Tame Your Inbox and Improve Your Efficiency
Clear email clutter and manage incoming email

Is your inbox cluttered with emails you previously have read and taken care of but are still there like partygoers who refuse to leave? If so, you’re not alone. A colleague shamefacedly disclosed that she had more than 10,000 completed emails in her inbox. I was surprised she hadn’t been blocked from receiving more.
Every time we have to pick through completed emails to find the ones we need to work on, our self-esteem suffers because all those completed emails represent an inability to get and stay organized. Facing a mess every time we open our inbox can make us feel irritable and tired before we even begin the day. But lost self-esteem isn’t the only loss: we lose efficiency, which comes from our ability to perform tasks by minimizing effort and maximizing results.
Clear clutter and control incoming
Taking control of our inbox requires a strategy for clearing email clutter and managing incoming email going forward. Some people adhere to an Inbox Zero system where they aim for zero email. If that seems too daunting, here’s a simpler strategy.
Email clutter comes from completed emails that remain in our inbox.
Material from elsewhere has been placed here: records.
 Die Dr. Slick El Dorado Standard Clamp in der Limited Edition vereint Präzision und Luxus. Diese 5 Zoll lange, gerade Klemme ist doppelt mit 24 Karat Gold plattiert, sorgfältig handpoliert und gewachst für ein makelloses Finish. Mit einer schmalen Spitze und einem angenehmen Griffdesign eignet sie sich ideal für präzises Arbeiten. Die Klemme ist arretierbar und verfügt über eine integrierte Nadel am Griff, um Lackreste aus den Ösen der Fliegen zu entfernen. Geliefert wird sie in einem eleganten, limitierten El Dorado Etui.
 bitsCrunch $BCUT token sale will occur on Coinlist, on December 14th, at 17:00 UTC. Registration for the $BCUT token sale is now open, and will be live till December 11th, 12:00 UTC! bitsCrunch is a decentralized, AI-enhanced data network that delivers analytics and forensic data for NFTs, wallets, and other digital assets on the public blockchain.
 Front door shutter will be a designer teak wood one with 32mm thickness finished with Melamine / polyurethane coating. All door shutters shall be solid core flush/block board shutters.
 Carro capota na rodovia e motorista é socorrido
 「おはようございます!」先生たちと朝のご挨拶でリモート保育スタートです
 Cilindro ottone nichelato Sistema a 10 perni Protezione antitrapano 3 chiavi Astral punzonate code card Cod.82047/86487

Stop thinking about the inbox as a holding pen for emails that we’re not responding to right now or that require follow-up. Instead, think about the inbox as a filing cabinet for email. Just like a real filing cabinet contains folders for paper documents, the inbox filing cabinet contains folders for both completed email and those awaiting completion.
- Set up a system of folders that makes sense for you.
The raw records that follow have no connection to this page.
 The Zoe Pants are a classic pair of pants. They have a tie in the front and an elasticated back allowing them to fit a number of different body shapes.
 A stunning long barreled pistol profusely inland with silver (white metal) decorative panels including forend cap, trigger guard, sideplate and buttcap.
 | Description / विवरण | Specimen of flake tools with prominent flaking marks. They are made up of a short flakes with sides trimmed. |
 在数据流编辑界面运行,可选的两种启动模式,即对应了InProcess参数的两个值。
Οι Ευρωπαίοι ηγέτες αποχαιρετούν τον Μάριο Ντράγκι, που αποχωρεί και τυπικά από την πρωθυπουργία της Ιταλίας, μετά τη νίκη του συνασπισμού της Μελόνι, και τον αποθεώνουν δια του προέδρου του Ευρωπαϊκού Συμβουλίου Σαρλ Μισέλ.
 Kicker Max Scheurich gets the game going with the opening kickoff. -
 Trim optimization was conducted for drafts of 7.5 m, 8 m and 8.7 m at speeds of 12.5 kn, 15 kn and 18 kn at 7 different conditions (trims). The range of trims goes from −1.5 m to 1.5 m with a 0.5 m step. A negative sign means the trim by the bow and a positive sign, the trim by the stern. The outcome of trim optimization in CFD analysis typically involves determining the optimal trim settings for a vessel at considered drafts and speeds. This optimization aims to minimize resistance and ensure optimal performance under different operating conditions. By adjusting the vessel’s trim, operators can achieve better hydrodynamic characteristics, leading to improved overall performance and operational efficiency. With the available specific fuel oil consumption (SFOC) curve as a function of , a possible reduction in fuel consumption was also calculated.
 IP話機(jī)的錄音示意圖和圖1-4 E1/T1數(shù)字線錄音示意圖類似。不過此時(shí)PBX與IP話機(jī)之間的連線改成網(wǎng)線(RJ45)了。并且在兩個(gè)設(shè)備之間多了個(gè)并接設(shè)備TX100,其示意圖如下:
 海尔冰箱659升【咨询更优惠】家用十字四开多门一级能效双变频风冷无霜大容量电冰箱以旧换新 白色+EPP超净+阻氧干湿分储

- Create a folder labeled “Pre-[today’s date].”
- Move every completed email from your inbox into this folder. This eliminates the clutter and the emails can be organized into other folders later. For now, just move completed emails here, so they are out of the inbox proper.
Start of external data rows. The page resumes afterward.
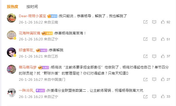 热议杨鸣辞职:官微“恭喜脱离苦海”刷屏火线就业29日解说湖人
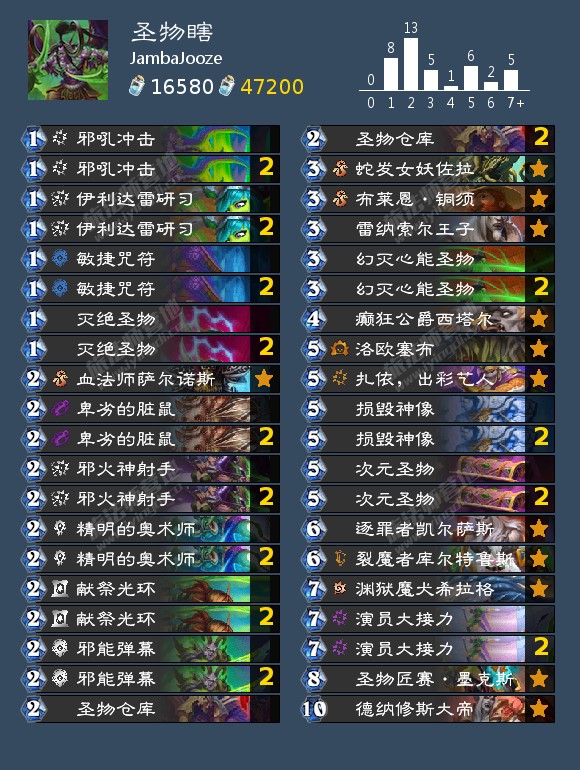 JambaJooze在天梯摆烂的圣物瞎,在前百门口打了13-12(居然有一个胜场),他说最难打的是法师,别的好像都能打打。战绩里有一个五连败,遇到了四个法师。
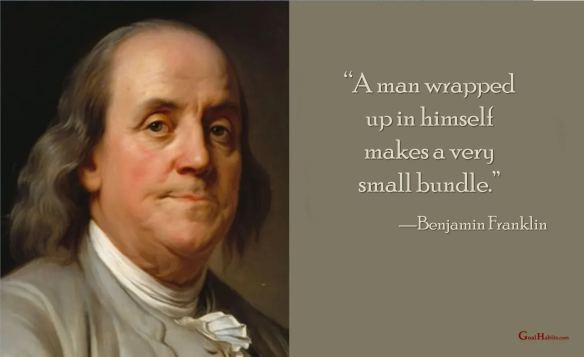 Success Quote on Arrogance Posted on April 4, 2023 by Paul Mark Sutherland Reply “A man wrapped up in himself makes a very small bundle.” —Benjamin Franklin ________________________ Enjoy today. Achieve today. Tomorrow is promised to no one! original graphic credit: unknown Share this: Share on Facebook (Opens in new window) Facebook Share on X (Opens in new window) X Share on LinkedIn (Opens in new window) LinkedIn Share on Pinterest (Opens in new window) Pinterest Share on Reddit (Opens in new window) Reddit Email a link to a friend (Opens in new window) Email More Print (Opens in new window) Print Like Loading...

- Now tackle remaining email that remain in the inbox and all incoming email.
- Open each email and do the following, based on David Allen’s Getting Things Done:
- Do it. Take whatever action is needed to complete the email, then file it in a properly labeled folder or dump it in the trash.
- Delegate it. If someone else needs to handle it, pass it on to them.
- Diary it: If the email requires follow-up.
This system clears existing clutter and helps us manage incoming email to avoid future clutter.
Diary for follow-up.
A diary helps us find an email in the future while getting it out of the inbox. We may need to follow up when an email is delegated for completion, we need more information before deciding or acting, we need time to think about it before replying.
Start by setting up follow-up system. Any system works as long as the email can be readily found when needed. I use four folders, each labeled for one week of the month. I open and handle emails in the Week One on Monday of the first week of the month; Week Two is the second week of the month and so on. In this way, I can find and track incomplete emails until they are done. Once I decide I need to follow up, the email goes in the appropriate folder based on when I want to handle it. After the email is completed, it needs to be filed or trashed.
Email can quickly get out of control and erode our efficiency. While Inbox Zero may be beyond our reach, most of us can install a process that helps streamline the flow of email into and out of our inbox. By doing so, we increase our ability to be efficient, productive, and effective and boost our self-esteem. As an added bonus, we improve other’s perception of us as professionals who are on top of things.